# For ladies w/ no kids who married for the 1st time later in life...



## honeysuckle rose (Jun 11, 2010)

What made you do it? If you had a great career making good money & didn't want kids, what made you willing to give it a shot? What does it add to your life & how do you manage expectations/deal with disillusionment?
_Posted via Mobile Device_


----------



## Phenix70 (May 6, 2012)

I got married at 38 because I met someone that I wanted to spend the rest of my life with, that was it, nothing more or less.
Neither of us wants kids & haven't had have any disillusionment because I don't believe in fairytales.
We're all human & no one is perfect, if you think that getting married was somehow going to make your life perfect, then you've already set yourself up for failure.
I like to think of myself as realistic & I don't expect more from people than what I'm willing to give myself.


----------



## Chelhxi (Oct 30, 2008)

I'm not sure if 30 is considered later in life, but we were both well established adults, with jobs, money etc. Never wanted kids. Same as Phenix, I met someone that I wanted to marry. Neither of us were really looking for someone to marry or planned to get married. We were fine being single. 

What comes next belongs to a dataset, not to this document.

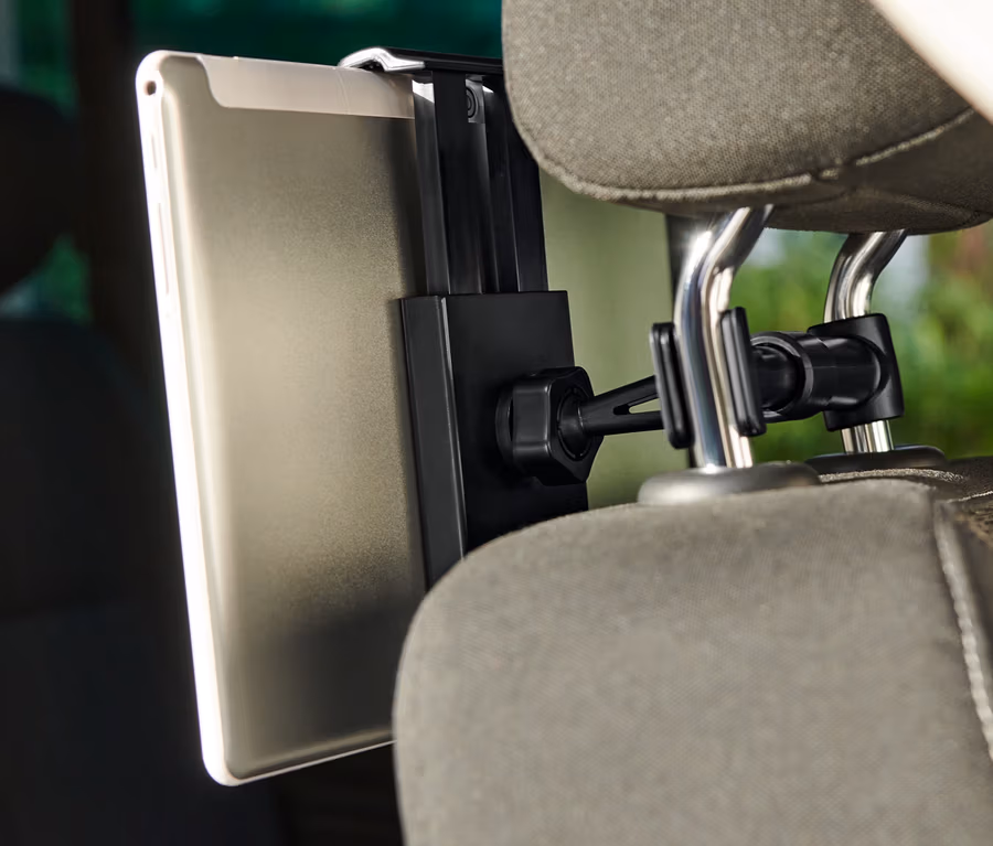 - Možnosť rýchleho upevnenia na hlavovú opierku predného sedadla bez použitia náradia

But when I met my husband, if I had a list of qualities I would want in a man, he met them all, and then some. I knew I wanted to marry him very soon into the relationship. Eventually found out he wanted the same thing, and no red flags every came up so we got married.

As far as expectations we discussed quite a lot prior to getting married/moving in together (done at same time). I can't say there is disillusionment - that sounds so negative. We're both very practical so it wasn't a crazy hollywood romance. I think we had decent expectations and both know that life and each other aren't always going to be perfect.

It sounds though like you're having second thoughts - are you already married or considering getting married? Maybe it's not the right person or expectations are unrealistic.

Our main marriage agreement, as mature adults, is to never tell each other what to do. We both trust that the other will do the right thing when it matters, and at least reasonable things the rest of the time. We just let each other live our lives but it is definitely more enjoyable of a life having a reliable, loving partner.


----------



## norajane (Feb 7, 2012)

I'm kinda debating this in my head, too. I'm 44 and my long term boyfriend and I are 'together'. I'm not sure marriage is 'necessary' but it sometimes seems appealing. We'll see.


----------